Well, it completely forgets the word "żadne", although of course the meaning is more or less the same...


But the fact there is a blue apple: D


I am just curious to understand how is żadny a demonstrative in Polish? Is it because of the double negative? I thought żadny was (indefinite) pronoun. Can anyone help?


Actually "żadny" isn't a correct form, although it seems like a perfectly logical one. "żaden" is used instead.

No, it's not a demonstrative pronoun at all. Frankly, It's a negative pronoun (no idea if that's correct terminology in English).

This skill is called "Determiners", but it covers a lot more.


So how do you translate the English double negative into Polish? It has a distinct meaning from positive sentences, but is that all there can be in Polish to translate an English double negative? Just a positive sentence?


Well, we'd need to consider specific examples.
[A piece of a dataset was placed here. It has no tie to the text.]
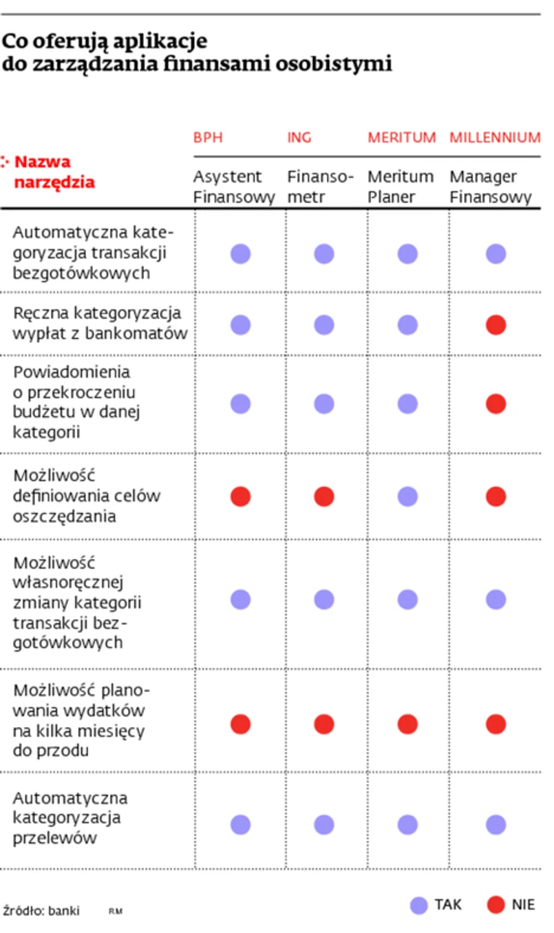 Aplikacja Millennium jest też uboższa od konkurencji o powiadomienia na wypadek przekroczenia budżetu danej kategorii w miesiącu. W przypadku rozwiązań dostępnych w pozostałych trzech instytucjach klient dostanie np. e-mailem powiadomienie, że wydatki w którejś kategorii przekroczyły zaplanowaną na ten miesiąc sumę. Rozwiązanie Millennium ma też zostać wkrótce rozbudowane o możliwość definiowania celów oszczędzania. Obecnie taką możliwość ma jedynie Planer Finansowy w Meritum Banku. Wszystkie instytucje zapowiadają także, że w najbliższym czasie zwiększą możliwości swoich narzędzi o budżetowanie na kilka miesięcy naprzód, dzięki czemu będzie można z odpowiednim wyprzedzeniem zaplanować na przykład zwiększone wydatki na energię w okresie zimowym czy dodatkowe przychody ze zwrotu podatkowego wiosną. Bankowcy nie mają wątpliwości, że wkrótce aplikacje PFM w polskich bankach umożliwią zarządzanie zadłużeniem czy inwestycjami i oszczędnościami. – Można także spodziewać się wersji na smartfony – mówi Krzysztof Łęgowski z BPH.

If that's something like "We don't need no education" or "I don't need no man", then putting aside what we think about the grammar there, the meaning is the same as with a single negative, so it translates simply to "Nie potrzebujemy edukacji"/"Nie potrzebuję mężczyzny", which are definitely negative sentences.

I believe you mean some other kinds of sentences, but I'd need to see an example.


How would I say ' not all apples are blue'?


"Nie wszystkie jabłka są niebieskie."